En el humilde Parvulario de San Anselmo, cerca de la Calle Arca Real, en pleno Barrio de las Delicias de Valladolid, corretea mi infancia recién estrenada con sus sempiternas gafas de culo de vaso, a todo derrape con viejos zapatos negro/preescolar, lavando mi espíritu regresado desde el otro lado del mundo. Esos deliciosos patios interiores de las viejas casas de la postguerra española, llenos de maceteros coloridos y descuidados, con mil y un vericuetos en los que sólo un niño podría encontrarse.
Pinamar nunca existió.
León amanece en un invierno distante e inesperado. Transcurre mi adolescencia por el vetusto barrio de San Mamés, junto a la vieja vía del tren, entre libros de texto prestados y cuadernos de caligrafía fina, vistiendo los prados de verde/adolescencia hasta que la tarde ya no nos da más de si.
Por la Autopista Riccheri se llega fácil al Aeropuerto del Ministro Pistarini, no más de 40 kms desde el centro mismo del área metropolitana de Buenos Aires. Hasta la Terminal B habrá otros 15 minutos a pie, que dan tiempo a pensar en muchas cosas. No había vuelto a Argentina desde el 79.

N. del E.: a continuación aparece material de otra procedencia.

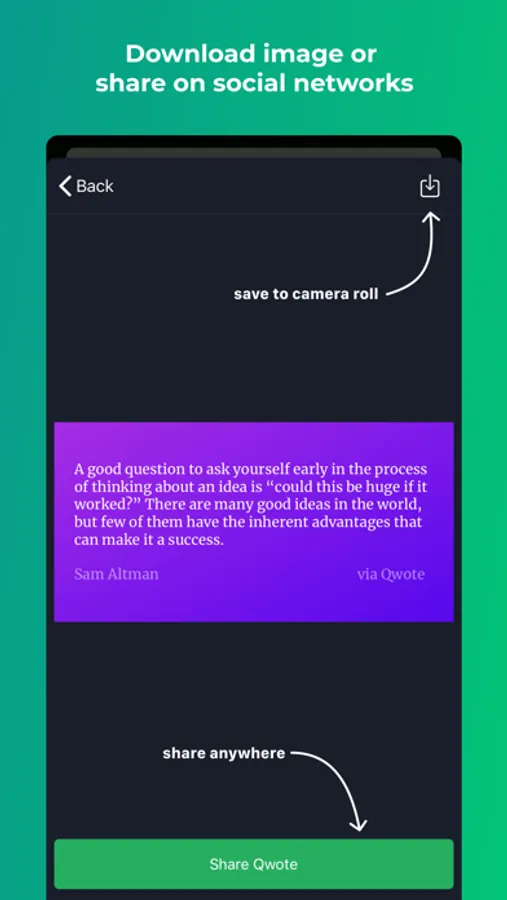 - Then click 'Share Qwote' to share your beautifully formatted card on social networks
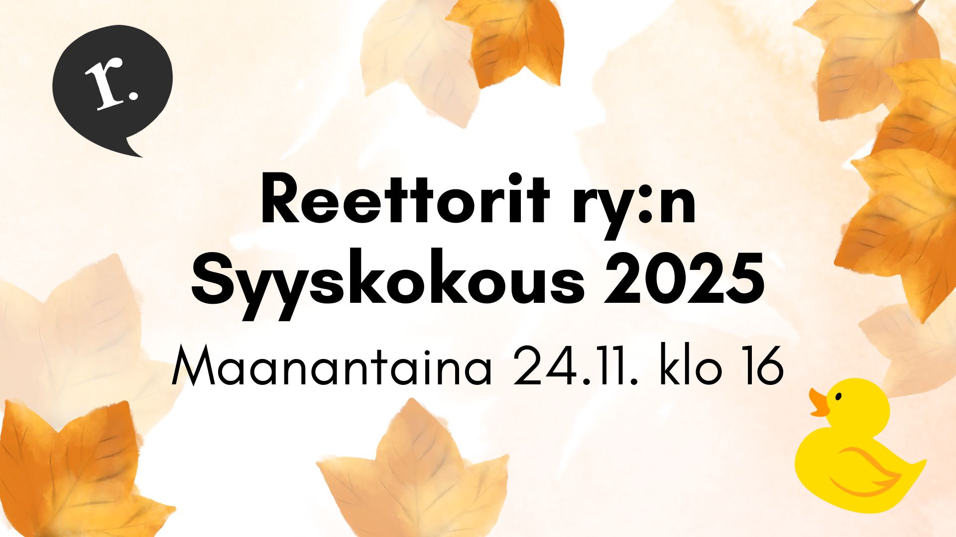Kaikilla Reettorit ry:n jäsenillä on kokouksessa puhe- ja äänioikeus. Syko onkin oiva tilaisuus tulla ottamaan selvää yhdistyksen suuntalinjoista, kommentoida niitä sekä olla osana vaikuttamassa ensi vuoden hallituksen kokoonpanoon!

En la Librería y Mercería Merlín, en la Avenida del General Arias, he adquirido por apenas 50 pesos un ejemplar antiguo de "Hojas de Hierba". Nada de regateo, al argentino humilde no le gusta. Mientras me prepara el libro y le va desprendiendo lentamente la etiqueta del precio del interior, me lleno de despreocupación por un instante, ha llegado el momento, vierto mi corazón junto al de Whitman, los dos de la mano en esa pequeña bolsa de papel azul.
Pinamar nunca existió.
Deambulando una de tantas tardes por el Parque del Campo Grande de Valladolid, ya en el verano mismo de mi vida, reinvento mi alma para intentar reencontrarme con aquel oscuro poeta que llegó en uno de tantos aviones que salen del Buenos Aires-Ezeiza con destino a Europa. El sol de plástico sigue guiando mis pasos desde allá arriba, pero las ganas se nos van difuminando a este lado del espejo. Waldemar espera.
WALDEMAR
Waldemar, loco, firmo una nueva vida
lejos de aquí.
No nos será fácil
huir de estos jardines, a los que llegamos como esclavos
para crecer como arlequines.
Waldemar, loco, te escribiré
no importa a cuántas cuadras de distancia,
te haré llegar mis palabras, mi oxígeno,
una gota de este vaso
una sola de estas ganancias.
Sabrás, amigo, sabrás
cómo asoma el sol en este viejo solsticio, cómo me convierto en brea?
Te contaré el invierno, cuando sea invierno,
moriré contigo,
te llevaré el verano, cuando verano sea.
(Para Waldemar, viejo amigo argentino e invisible, que me acompaña desde siempre en la otra orilla.)
Boris Rozas, relato seleccionado para la Antología "Corazón de cinco esquinas", JCYL, año 2011.